On Wed, 2006-03-29 at 18:52 -0500, Liaw, Andy wrote:
> In addition to Brian's comment, Gordon's book, already in 2nd edition, is
> all about clustering, but the title is simply `Classification'.
> 
> Andy
> 
> From: Sean Davis
> > 
> > We have to be careful here.  Classification (which is the 
> > terminology that the original poster used) is NOT the same as 
> > clustering, although the two are often confused.  If the 
> > original poster wants to do clustering and examine the 
> > results for the presence of three clusters, that is fine and 
> > there are many methods for clustering that could be used.  
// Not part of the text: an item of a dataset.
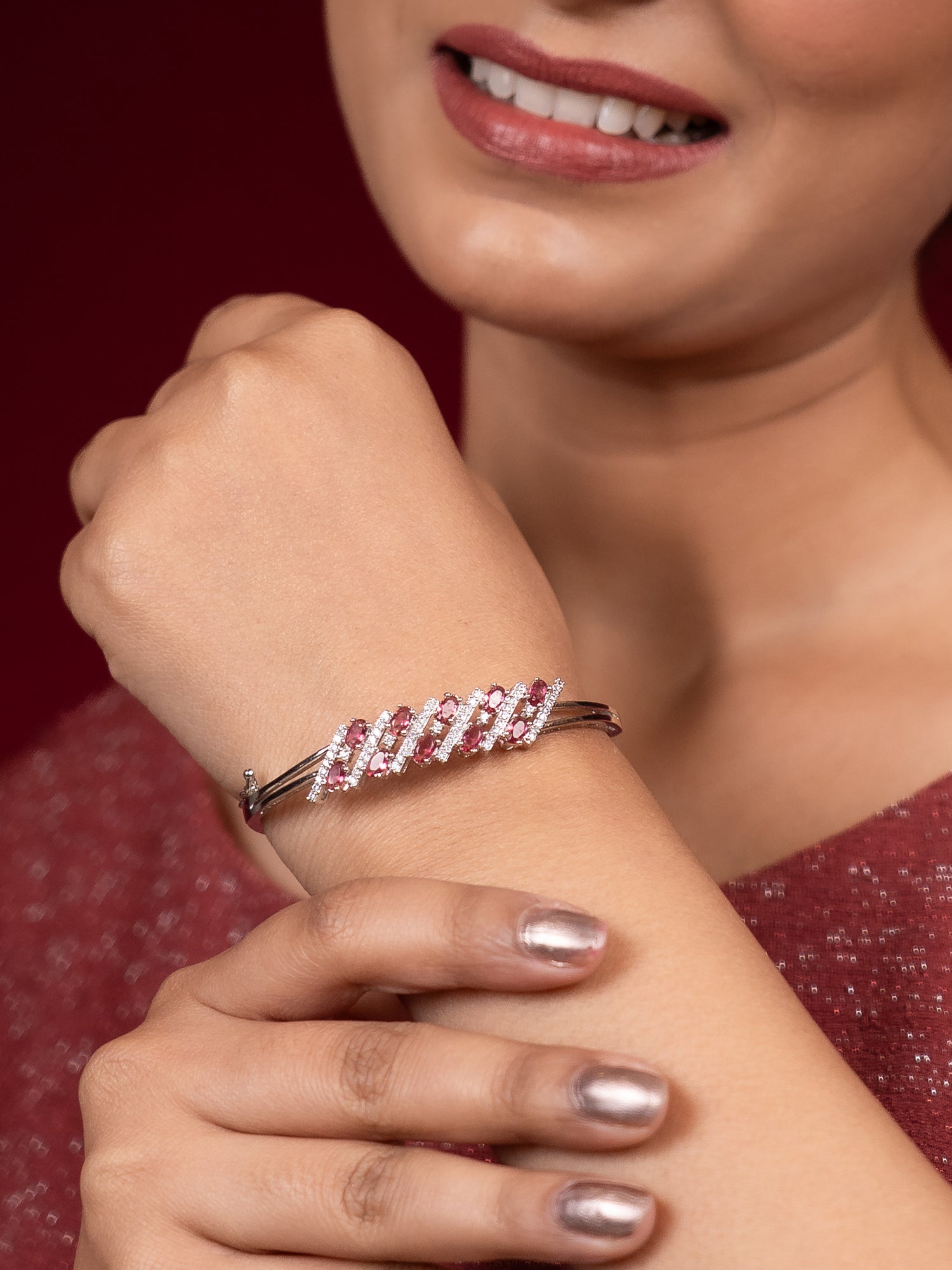Add a touch of grace and sparkle to your jewelry collection with this exquisite silver-plated bracelet, featuring a delicate blend of pink zircon stones and dazzling American diamonds. Designed for effortless elegance, this bracelet strikes the perfect balance between sophistication and charm. The soft pink hues add a feminine touch, while the shimmering stones create a radiant appeal. Whether worn alone or stacked with other accessories, this bracelet is a versatile fashion statement for both casual and formal occasions. Elevate your style with this timeless piece that beautifully complements any outfit.

> > However, classification will require a different set of 
> > tools.  If the clustering tools already pointed out are not 
> > doing what is needed (that is, that Cao actually is 
> > interested in clustering and not classification), then 
> > perhaps a further explanation of what the problem would help clarify.
> > 
> > Sean
> > 
> > 
> > On 3/29/06 1:46 AM, "Jacques VESLOT" <jacques.veslot at cirad.fr> wrote:
> > 
> > > try this (suppose mat is your matrix):
> > > 
> > > hc <- hclust(dist(mat,"manhattan"), "ward")
> > > plot(hc, hang=-1)
> > > (x <- identify(hc)) # rightclick to stop
> > > cutree(hc, 3)
> > > 
> > > km<- kmeans(mat, 3)
> > > km$cluster
> > > km$centers
> > > 
> > > pam(daisy(mat, metric = "manhattan"), k=3, diss=T)$clust
> > > 
> > > 
> > > 
> > > Baoqiang Cao a écrit :
> > > 
> > >> Thanks!
> > >> I tried kmeans, the results is not very positive. Anyway, thanks 
> > >> Jacques! Please let me know if you have any other thoughts!
> > >> 
> > >> Best regards, 
> > >>    Baoqiang Cao
> > >> 
> > >> ======= At 2006-03-29, 00:08:44 you wrote: =======
> > >> 
> > >>  
> > >> 
> > >>> if you want to classify rows or columns, read:
> > >>> ?hclust
> > >>> ?kmeans
> > >>> library(cluster)
> > >>> ?pam
> > >>> 
> > >>> 
> > >>> Baoqiang Cao a écrit :
> > >>> 
> > >>>    
> > >>> 
> > >>>> Dear All,
> > >>>> 
> > >>>> I have a data, suppose it is an N*M matrix data. All I 
> > want is to 
> > >>>> classify it into, let see, 3 classes. Which method(s) do 
> > you think 
> > >>>> is(are) appropriate for this purpose? Any reference will be 
> > >>>> welcome! Thanks!
> > >>>> 
> > >>>> Best,
> > >>>> Baoqiang Cao
> > >>>> 
> > >>>> 
> > >>>> 
> > >>>> 
> > -------------------------------------------------------------------
> > >>>> -----
> > >>>> 
> > >>>> ______________________________________________
> > >>>> R-help at stat.math.ethz.ch mailing list 
> > >>>> https://stat.ethz.ch/mailman/listinfo/r-help
> > >>>> PLEASE do read the posting guide! 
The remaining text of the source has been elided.